What is a MIND diet, and how can it help ward off Alzheimer's?
Learn about a new diet that combines 2 highly regarded nutrition plans into one.
Can a diet prevent dementia? New research on the MIND diet, a combination of the popular Mediterranean and DASH diets, is showing promising signs that better nutrition can, indeed, help save our brains.
Researchers at the Rush University Medical Center in Chicago reported that the MIND diet lowered the risk of Alzheimer's by as much as 53 percent in participants who adhered to the diet rigorously, and by about 35 percent in those who followed it moderately, according to a paper published online in the journal Alzheimer’s & Dementia: The Journal of the Alzheimer’s Association. And just this week, the MIND (Mediterranean-DASH Intervention for Neurodegenerative Delay) diet was ranked the No. 2 overall diet by U.S. News and World Report.
So how do you follow this diet, exactly? It starts with least three servings of whole grains, a salad and one other vegetable every day – along with a glass of wine, which may explain why it's such an easy diet to follow. Snacks are mostly nuts, legumes and berries.
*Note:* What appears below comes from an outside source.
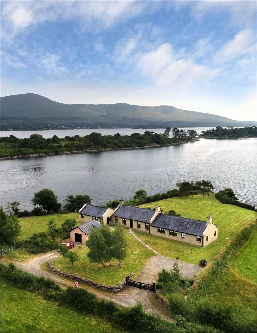 On the market for €995,000, the bungalow has views down to the water and across the bay, as well as back towards Killarney National Park. Within the mature 1.4 acres of land there’s also a detached garage and plenty of parking spaces.

Fish is prescribed once a week, and foods like cheese and red meat should be limited to less than a serving a day.
For those who are already fans of the Mediterranean diet – rich in vegetables, nuts, legumes, fish, olive oil and the aforementioned red wine – the MIND hybrid shouldn't be much of a stretch. Both diets boast the ability to reduce risk of several diseases, including breast cancer and stroke, and both are attributed to an overall healthy lifestyle. For its part, DASH stands for Dietary Approaches to Stop Hypertension, which means it's a highly personalized plan primarily focused on lowering high blood pressure.
“One of the more exciting things about this is that people who adhered even moderately to the MIND diet had a reduction in their risk for [Alzheimer's],” said Dr. Martha Clare Morris, a nutritional epidemiologist who developed the MIND diet with a team of colleagues at Rush. “I think that will motivate people.”
Furthermore, Morris and her team found that it's not just about how well you follow this brain-healthy diet – it's about how long. Simply put, the longer you do the diet, the less likely you are to develop Alzheimer's. “You’ll be healthier if you’ve been doing the right thing for a long time," she said.